Soundtrack album by Anup Rubens
- Released: 31 January 2014
- Recorded: 2011–2013
- Genre: Feature film soundtrack
- Length: 26:00
- Language: Telugu
- Label: Aditya Music
- Producer: Anup Rubens

Anup Rubens chronology
| Heart Attack (2014) | Autonagar Surya (2014) | Bhimavaram Bullodu (2014) |

= Autonagar Surya (soundtrack) =

Autonagar Surya is the soundtrack album to the 2014 film of the same name directed by Deva Katta starring Naga Chaitanya and Samantha Ruth Prabhu. The film's soundtrack featured seven songs composed by Anup Rubens and lyrics written by Anantha Sriram. The release of the film's soundtrack delayed multiple times due to the film's postponements, before eventually being released on 31 January 2014. The music received mixed response with criticism for its placement, while the background score was well received.

== Development ==
Autonagar Surya marked Rubens' maiden collaboration with Chaitanya and Katta.

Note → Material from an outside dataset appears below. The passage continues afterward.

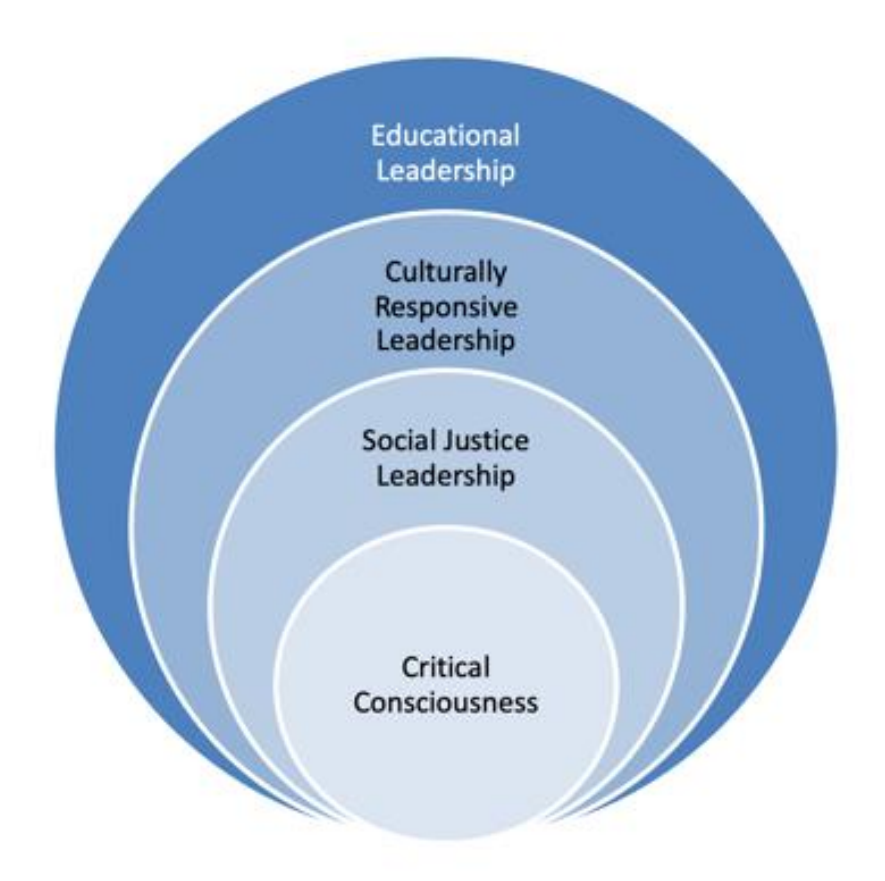
Figure 1-1. Interconnectedness of Conceptual Frameworks

The film's soundtrack consisted of seven songs, according to Katta, where two of them would be used in the titles and end credits, respectively. The album features an introduction number, two duet numbers, an item number among several others. Rubens worked on the film's music during early-2011 and continued till 2013. He started working on re-recording the film's background score and completed within a month.

== Release ==
The music launch was delayed multiple times, which was attributed to the film's production troubles. Initially, it was scheduled during the last week of September 2013, which did not happen. After filming of the last song featuring Chaitanya and Samantha, the producers planned to conduct the film's music launch on the occasion of Chaitanya's birthday, 23 November 2013. But by mid-November, they had one more song to be filmed, which was the item number "Hyderabadi Biriyani", which led the team to postpone the event to 30 November; the same day, the film's production has been wrapped. After the post-production process, Katta confirmed that the film's music will be launched on 9 January 2014. But was again postponed to 13 January, the eve of Makar Sankranti, which also did not happen.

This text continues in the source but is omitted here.